I was honestly dreading the day when I would have go to Europe for two weeks. It wasn’t that I was nervous but more of the fact that I assumed that I wouldn’t make any friends. I was going on a travel abroad program, and the people I saw prior to the flight at meetings had nothing in common with me, but I wanted to revisit Europe. I was afraid I’d be alone the whole trip, but the friends I made were one of the best people I’ve ever met. My friends on the trip stayed with me through the hardships and to this day we still hang out, despite the fact that we live quite a distance from each other.
The idea of Europe conjures up the image of a luxurious vacation, but the program I went on was tougher than you would think. Everyone was constantly tired and hungry, and the fact that the American dollar was so weak didn’t help us. The most memorable night was in England, where we survived a night at WarwickCastle. It was freezing in the tents as the rain dripped through the holes in the canvas, and you would assume that peacocks were quiet, but they wouldn’t shut up. It was, however, a fun experience because we were able to “battle” each other with swords, and we were privileged to be able to stay in such an ancient structure. We even met delegates from different states who were staying there at the same time as we were.
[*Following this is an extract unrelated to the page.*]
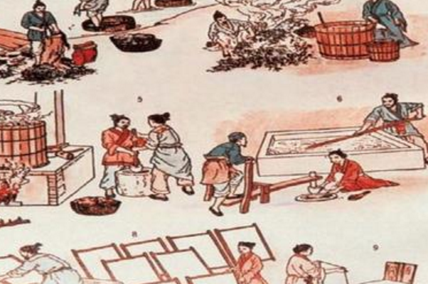 直到汉武帝时期,蔡伦才结合之前的造纸经验,以一些廉价的破布、渔网、树皮、麻料等,浸泡白天后,经过捶打和搓洗将这些树皮和麻料褪去皮和壳等坚硬的部分,再涂抹上石灰水,之后蒸煮八个昼夜,冷却后取出,利用草木灰进行浆洗,又开始重复蒸煮和涂抹石灰水的过程,十多天之后所有的材料就会变为浆糊状,碾磨后用方格工具平摊捞起,经过几天的晾晒,就做出了一种更加顺滑且轻薄耐用的纸张。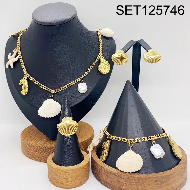 Level B Stainless Steel New Trendy Women Jewelry Summer beach Shell Conch Seahorse Golden 4pcs SET

We had four delegation leaders, but two of them were uptight. There was a day when they tried to separate the girls from the boys, saying that girls were “pink”, boys were “blue”, and there was to be no “purple”. That didn’t last long, however, as many of the guys and girls were friends. Although the sites of England were fascinating, my friends and I liked to go around by ourselves at night and explore on our own. I wanted to see the country through a local’s eyes. The European teenagers were friendly to us and even showed us around one night. We had a very chill leader named Alex. He was British, young, and very cute. Although he looked responsible and very grown-up, I was able to really to get to know his fun, immature side. He would talk to me about his feelings and impressions on everyone, and he was a really cool guy to hang out with. After the first half of the week, there was some conflict, as we were spending practically every hour with each other, and nerves were being grated. One of my friend and I were angry at each other over nothing, but towards the end of the trip, we made up. Although we couldn’t make up for our lost time, we had preserved our tight bond. The most important thing I learned on the trip wasn’t trivial facts, but to appreciate people for who they are and to learn how to apologize because pride isn’t worth losing a friendship over, and also, despite different origins, teenagers from every where just want to have fun. I came on the trip introverted and frightened, but I came back confident and gregarious. The people I’ve met still play an important role in my life, and although two weeks doesn’t seem like much, the experiences we’ve gone through makes seem as if we’ve known one another so much longer.